# Baby Kittehs!



## DreamerHorse (Dec 22, 2012)

So my dad's cat had kittens, and they're adorable(But whiny)! There's two dark tabbies and two black. What do ya think?


----------



## Polkadot (Feb 10, 2013)

Beautiful! I want to cuddle them all! Great pic too. :thumbsup:


----------



## DreamerHorse (Dec 22, 2012)

Thanks. They are super cute. Here's two pictures in better light.

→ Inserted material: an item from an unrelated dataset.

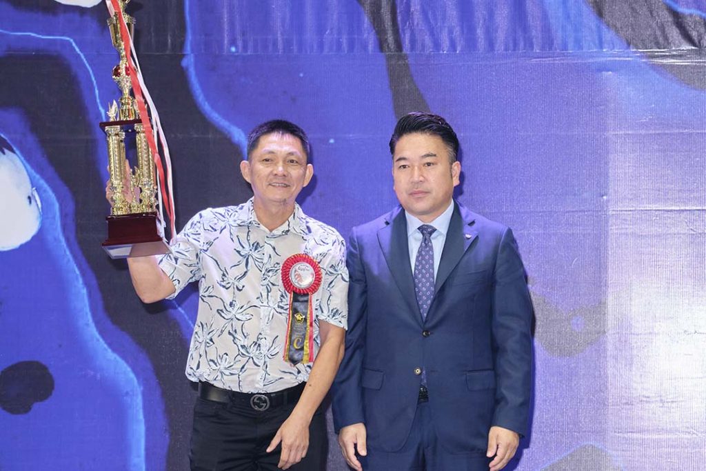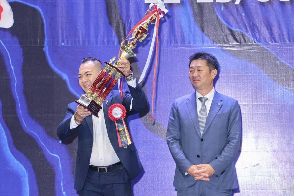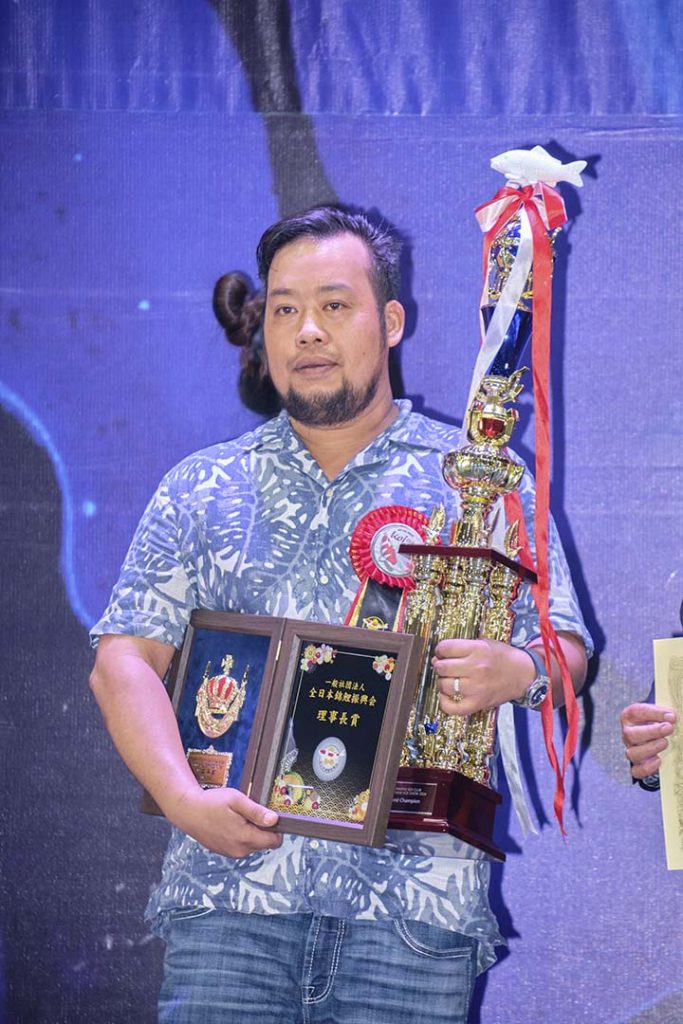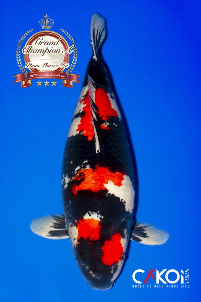 Cuối cùng, sau một ngày chấm thi căng thẳng, kết quả đã được công bố vào ngày tiếp theo 23/06. Grand Champion A năm nay chính là Showa thuộc về anh Phạm Phước Tài đến từ Huế. Đây là một loại hiếm khi đạt được Grand Champion vì Showa lớn rất khó giữ được nét đẹp. Tuy nhiên Showa này da sáng, màu sắc rất tốt về cấu trúc thân hình ấn tượng, kích thước lớn và cân đối. Anh nói: “đây là Koi được được lai tạo bởi Dainichi Koi Farm, nhập về hồi tháng 6/2022 – 3 tuổi – 72 cm, khi mang tới hội thi là 5 tuổi – 90 cm. Khi mang Showa kích thước lớn và đẹp này đi thi, tôi lo lắng rất nhiều vấn đề, chẳng hạn như nhiệt độ mùa Hè ở Huế là lúc này là 39 – 40 độ, thời gian vận chuyển từ Huế vào Tp.HCM khoảng 10 tiếng (đi xe ô tô vào sân bay Đà Nẵng, sau đó vận chuyển bằng đường hàng không tới Tp.HCM), quãng đường vận chuyển xa độ rủi ro cao…. Để nuôi Koi tốt trước tiên mọi người hãy chuẩn bị cho mình một hồ cá chuẩn, chọn nhà nhập khẩu uy tín, nguồn gốc rõ ràng, nguồn gen tốt, chất lượng cám tốt và mua thiệt là nhiều Koi (cười), khi hội tụ đủ các yếu tố trên thì sẽ nuôi Koi phát triển tốt, đẹp và khoẻ mạnh”.

There's kittens all cuddled together, and then Missy looking out the window.


----------



## Polkadot (Feb 10, 2013)

Awwwww,they are gorgeous.


----------



## DreamerHorse (Dec 22, 2012)

Yea. I'm hoping to take one home when old enough, but so far my mom is holding firm on the 'no cats or dogs' thing. Her excuse is that she wants to have a better chance of finding a place to live for when we move, but who can resist kittens?


----------



## Polkadot (Feb 10, 2013)

Oh that's so true.Hopefully once she cuddles one it will win her over.Kittens are so sweet.


----------



## DreamerHorse (Dec 22, 2012)

Yea, I'm hoping the lease will get renewed as that would open a doorway to having a kitten, but the chances aren't great.


----------



## Polkadot (Feb 10, 2013)

Good luck! I hope you get your lease & your kitty.


----------